Irish alt folk and electronica alchemist Seamus Fogarty grew up in Co Mayo in the west of Ireland and spent his early years writing songs about mountains that steal t-shirts, women who look like dinosaurs and various other unfortunate incidents. Built upon a deeply personal foundation of soul-stirring alt-folk, country, blues and electronica, his music has also garnered much praise from the BBC where it has featured heavily across both Radio 3 and BBC 6 Music.
He now returns with his second album ‘The Curious Hand’. It is his first album for Domino and follows his acclaimed debut full length ‘God Damn You Mountain’ (Fence/Lost Map) and his move to Domino will hopefully expose his music to a much wider audience.
Fogarty now resides in London, and the capital provides the canvas for ‘The Curious Hand’. It’s there in the starkly heartbroken ‘Seems Wherever’, written from the perspective of the tube system and the deep well of the city’s troubled soul, and in the stony-faced rush hour commuters in ‘Van Gogh’s Ear’, pouring onto train carriages “bound for Egham or Whimple or West Ham”. But The Curious Hand also reaches back to Seamus’ homeland and past in charmingly simple and direct ways. Midway through the title track, for instance, a sampled conversation between neighbours back in Mayo takes centre stage as the musicians set off down yet another new musical path.
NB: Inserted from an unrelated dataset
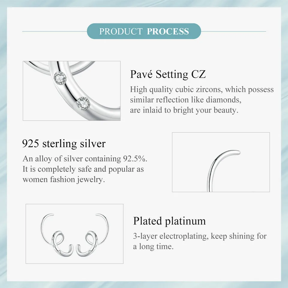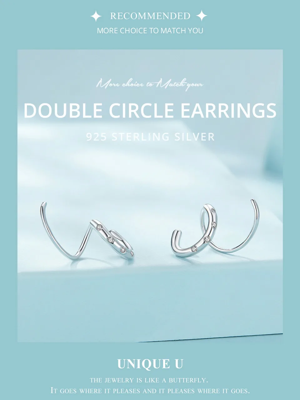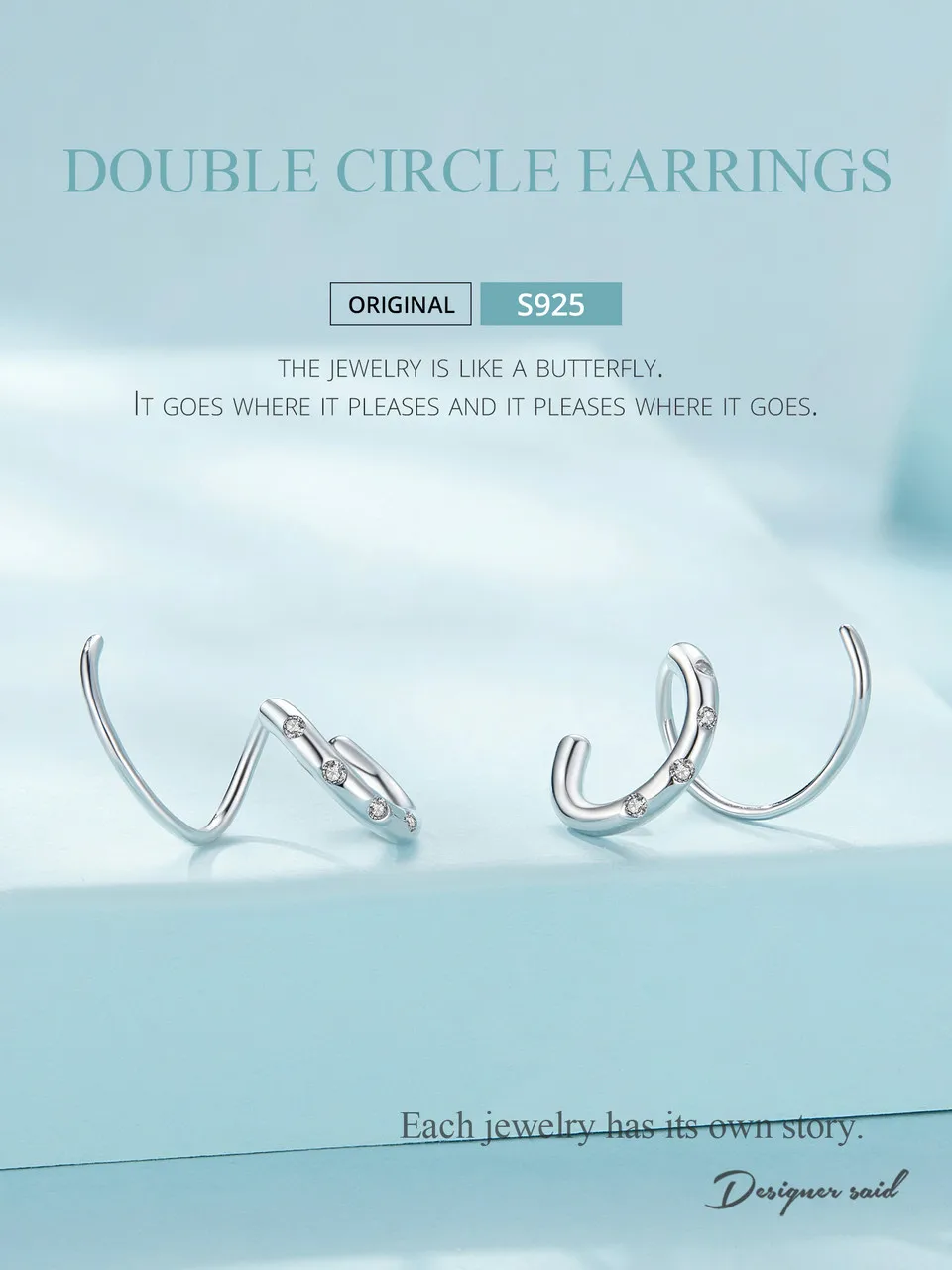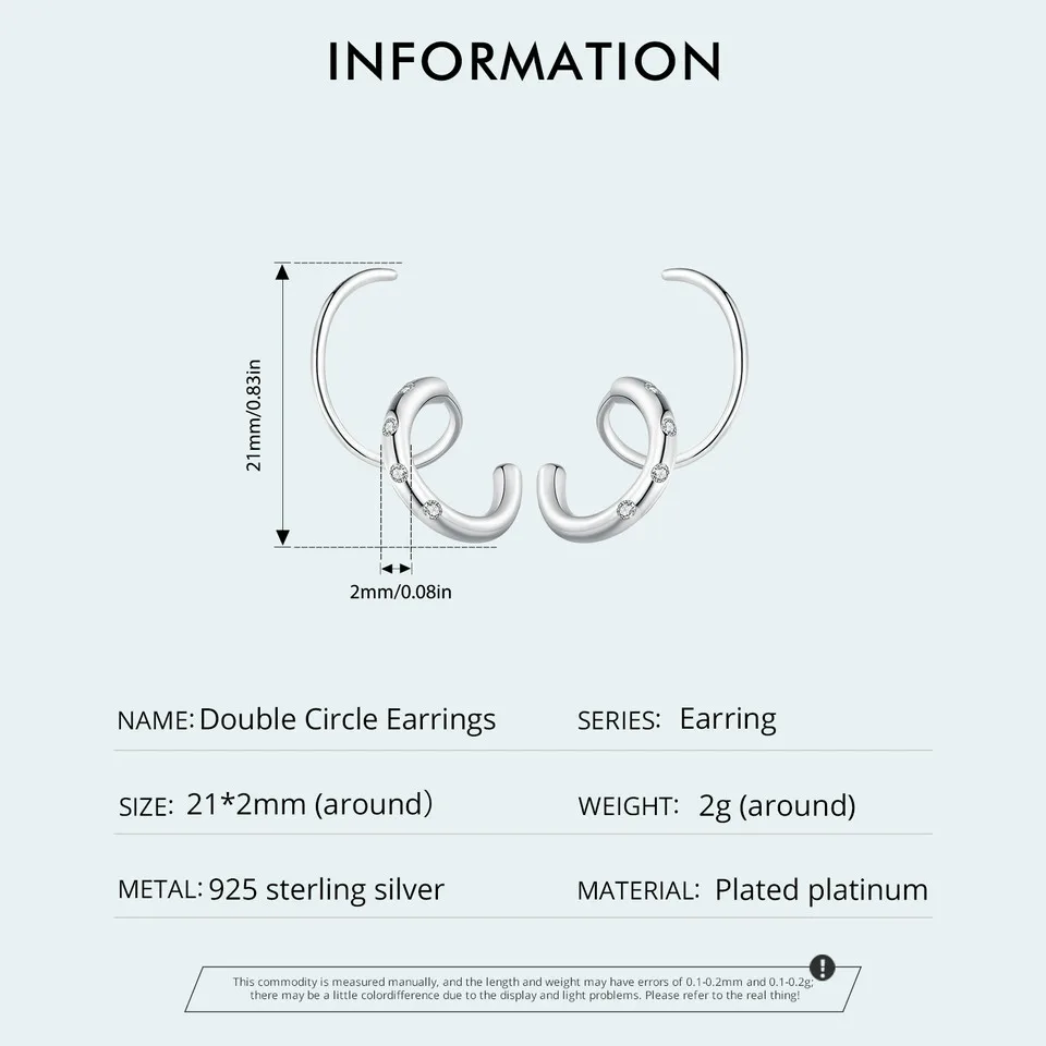 Bamoer 925 Sterling Silver Geometric Line Earrings Double Circle Stud Earrings for Women Original Design Fine Jewelry Gift

Elsewhere, on ‘Tommy the Cat’, a skeletal instrumental becomes a bed for a recording of a shouting competition in the West of Ireland.
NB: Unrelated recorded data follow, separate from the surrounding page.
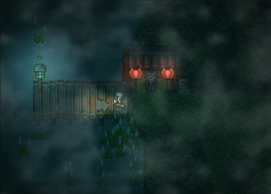 Final area, before leaving. The fox will stay asleep until you change the time. To proceed you need to walk next to the broken piece of the bridge, and interact with the lantern at the end. Then go back to the (!) in Area 3, i.e. the axe, bring it to Area 4 and use it on the bridge then interact with the lantern to change the time back to day.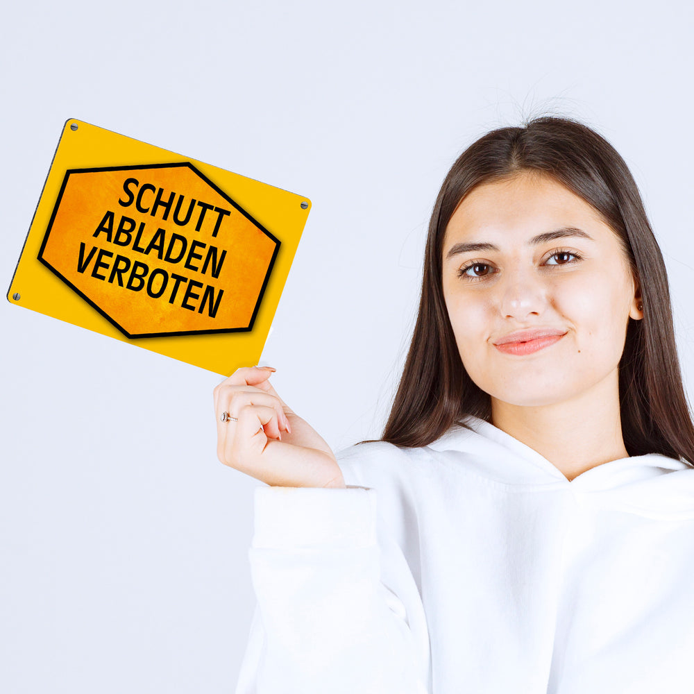- Lieferumfang: 1x Schutt abladen verboten Warn- und Hinweisschild in Gelb und Schwarz
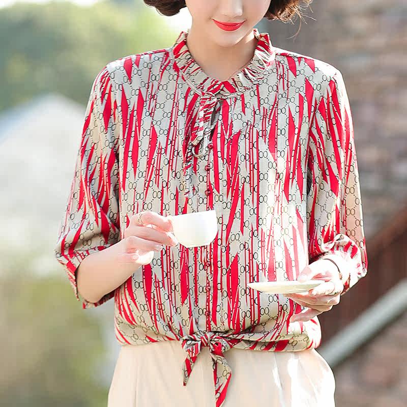 Short-sleeved t-shirt women's 2021 new middle-aged mother T-shirt summer t-shirt casual design short chiffon top women's

Fogarty’s method of lifting sounds wholesale from his environment and tucking them into the folds of his songs like keepsakes, renders himself at once, artist and archivist as well as twisting the notion of the folk singer’s role as collector and custodian of stories, traditions and cultural curio.
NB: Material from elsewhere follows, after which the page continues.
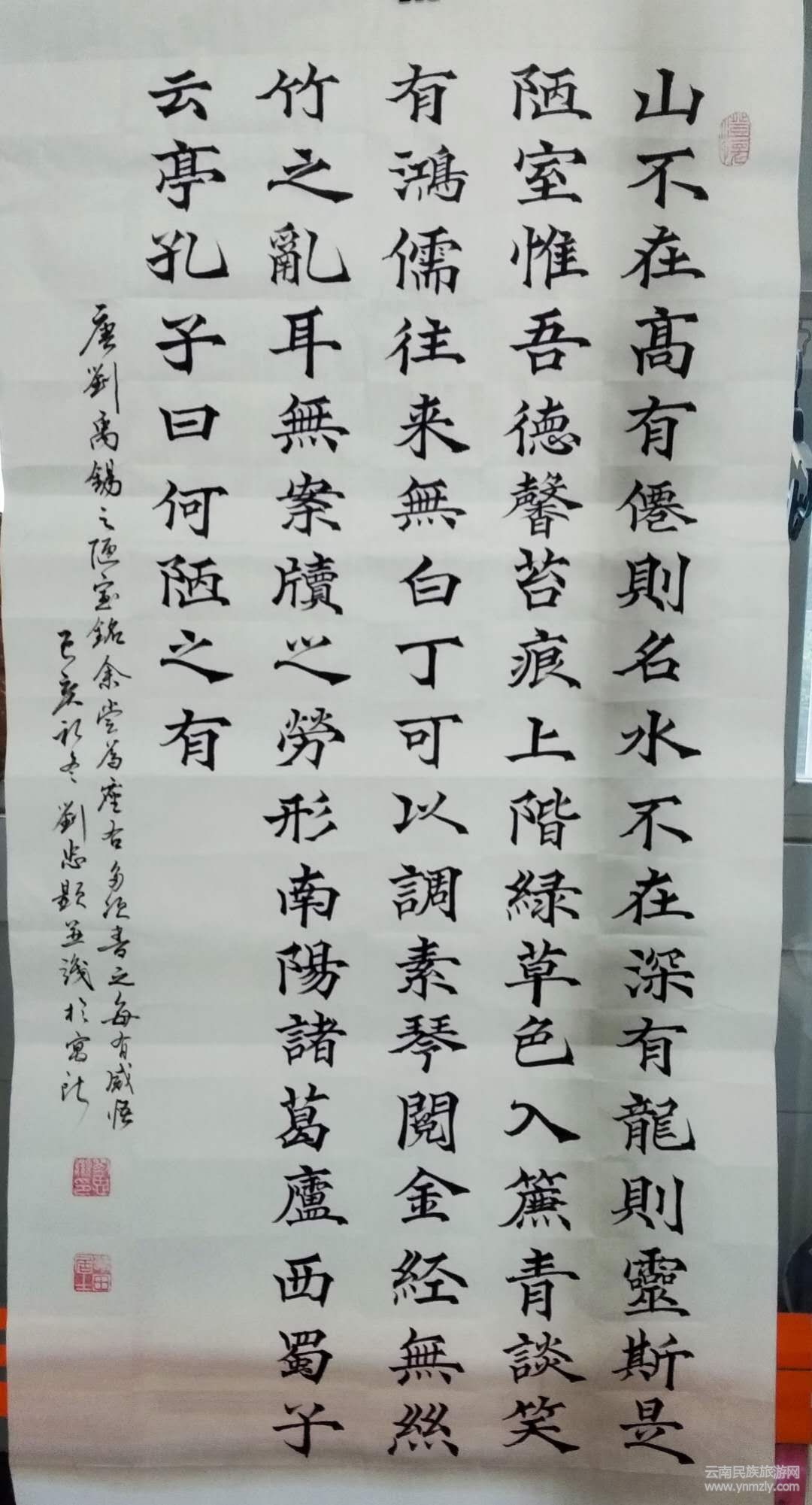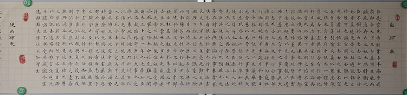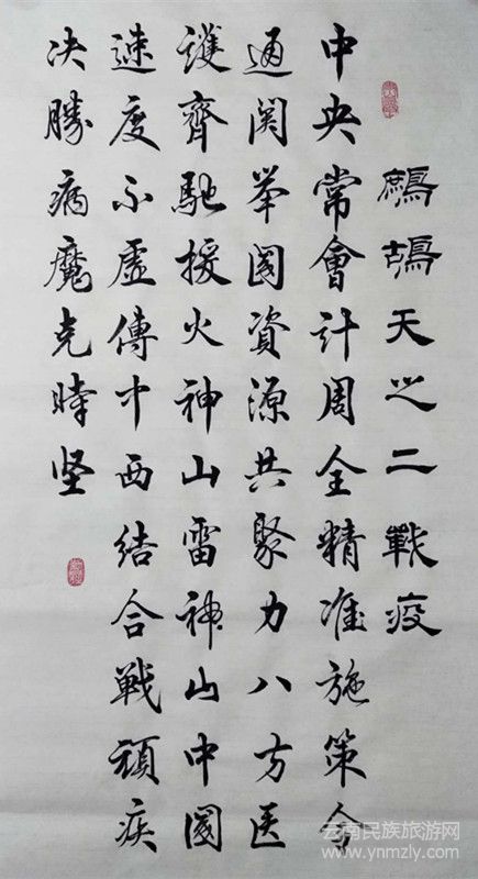 劉忠顯先生楷書結合《九成宮碑》及當代田英章老師筆法、結構,又適當融入柳、趙及碑、隸特點,崇尚嚴謹、規(guī)范、流暢的書風;行草在文革期間曾臨摹毛體,頗受其影響;小楷臨摹文征明《琴賦》,頗有心得。

‘The Curious Hand’ showcases Seamus’ natural inclination to take his songs and “screw them up,” by applying synthesiser drones and circuit burps, found sounds and spoken word audio samples that give all of his records such wonderful atmosphere, as if they’re haunted by rogue half-tuned signals from another world.
The album was produced by Fogarty and Leo Abrahams (Brian Eno, Wild Beasts), who also plays on the album. The album also features the multi-instrumentalist Emma Smith (Hot Chip, Jon Hopkins), who plays a plethora of instruments across the album’s 11 tracks.